Several biogeography and macroecology theories provide spatial foundations for understanding and mapping biodiversity across the planet. The emphasis on spatial components first emerged in the field of biogeography, where there was interest in identifying and understanding species distributions and geographic gradients in biodiversity throughout the world. For instance, early on scientists emphasized the latitudinal gradient of diversity, where diversity was greater in the tropics than in the temperate zone (Currie and Paquin 1987). Understanding this and other biogeographic (and macroecological) patterns have been, and continue to be, of interest in conservation as it helps identify hotspots of biodiversity and endemism of conservation relevance (Myers et al. 2000; Dawson et al. 2017; Orme et al. 2005).
Many approaches to mitigating the effects of environmental change embrace spatial concepts. For example, the use of corridors in conservation explicitly emphasizes how the spatial configuration of the environment can promote biodiversity (Crooks and Sanjayan 2006). Translocations and re-introduction programs require understanding how potential release locations may inhibit or foster the success of such programs (Seddon et al. 2014). Adaptation strategies to mitigate the effects of climate change often emphasize spatial ecological concepts (Heller and Zavaleta 2009).
Conservation prioritization and planning, one of the major foci for conservation biology, also emphasizes the importance of spatial ecology. Early rules for conservation planning embraced the need to limit isolation of protected areas and maximize their area (Diamond 1975). Later work has embraced explicit mapping of conservation prioritization strategies and how issues such as complementarity of biodiversity among protected areas is essential for efficient conservation planning (Margules and Pressey 2000). More recently, conservation planning for climate change emphasizes how key areas are currently connected and how connectivity may change as climate and land use continue to change (Pressey et al. 2007; Schmitz et al. 2015; Carroll et al. 2017). Throughout, spatial concepts are essential for guiding effective strategies for both biodiversity and ecosystem service conservation (Chan et al. 2006; Moilanen and Wintle 2007).
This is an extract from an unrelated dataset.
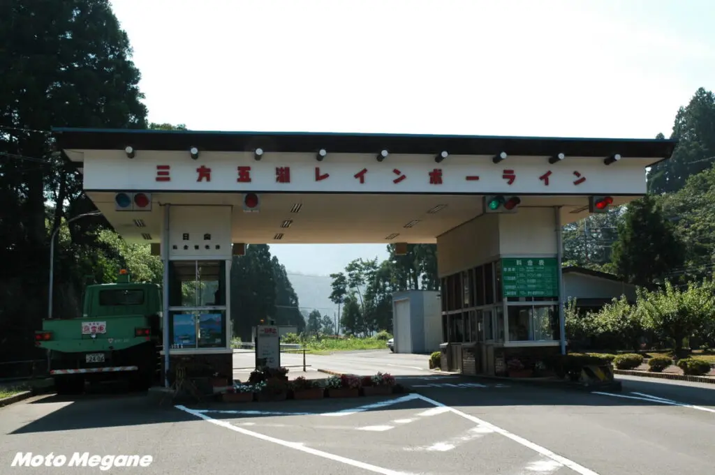 『三方五湖レインボーライン』は、この三方五湖を縫うように走る全長11㎞の観光有料道路である。入り口は、東側が県道214号の笹田交差点から入り料金所は日向ゲート、西側が県道216号から入る海山ゲートで、区間内には大小合わせて5つの駐車場があり、第一駐車場は山頂公園に通ずるリフト乗り場になっている。

Ecological concepts and analytical tools developed in the fields of landscape ecology, geography, and spatial statistics are now commonly used in conservation so that informed decisions about planning strategies and management can be made (e.g., Moilanen et al. 2009). Indeed, most conservation planning and management requires knowledge and the explicit spatial modeling of space and its major consequences on species spatial variation and responses to global change. The inclusion of space is therefore crucial when modeling species ecology and responses to a changing world such as (1) species dispersal, (2) species interactions, (3) disturbance dynamics, and (4) environmental change. Furthermore, as the field of conservation aims to provide better management recommendations to mitigate threats to biodiversity, implicit and explicit aspects of space need to be incorporated into applied solutions such as restoration, species reintroductions, and maintaining connectivity among habitat patches. In all these conservation applications the spatial scale of implementation is key (Wiens 1989; Levin 1992, 2000; McGarigal et al. 2016; Doak et al. 1992; Fletcher et al. 2013; Gering et al. 2003).
1.4 The Growth of Frameworks for Spatial Modeling
Before modeling species dispersal, response to environmental conditions, and species interactions, quantification of their spatial distribution is needed. This is why in ecology and conservation the first steps toward a better understanding and management of biodiversity often consist of (1) mapping species distributions, and (2) quantifying spatial patterns of both species distributions and environmental conditions (Ferrier 2002; Gaston and Blackburn 2000; Guisan and Thuiller 2005). Once such quantitative information is obtained, the next modeling steps frequently aim at relating and modeling the responses of species to environmental conditions across space and/or the species (intraspecific and interspecific) spatial interactions (Synes et al. 2017).
Modeling the processes that affect species distribution can be done using different degrees of complexity in the analytical tools used. The level of complexity depends on the processes modeled and ecological theories considered. Then, knowledge gaps about species distribution can be gained by combining data on species behavior from empirical studies and theoretical models of dispersal and related flows across space. Early dispersal models set the stage for the development of ecological theories that embrace space (Fig. 1.3), such as island biogeography (MacArthur and Wilson 1967), patch dynamics (Pickett and White 1984), hierarchical theory (Wu and Loucks 1995; Allen and Starr 1982), species coexistence (Chesson 2000), metapopulation (Hanski 1999), metacommunity (Leibold and Chase 2017), and metaecosystem theory (Guichard 2017). Although these disciplines can be seen as separate fields, spatial ecology brings them together through theory, models, and data analysis (Massol et al. 2011).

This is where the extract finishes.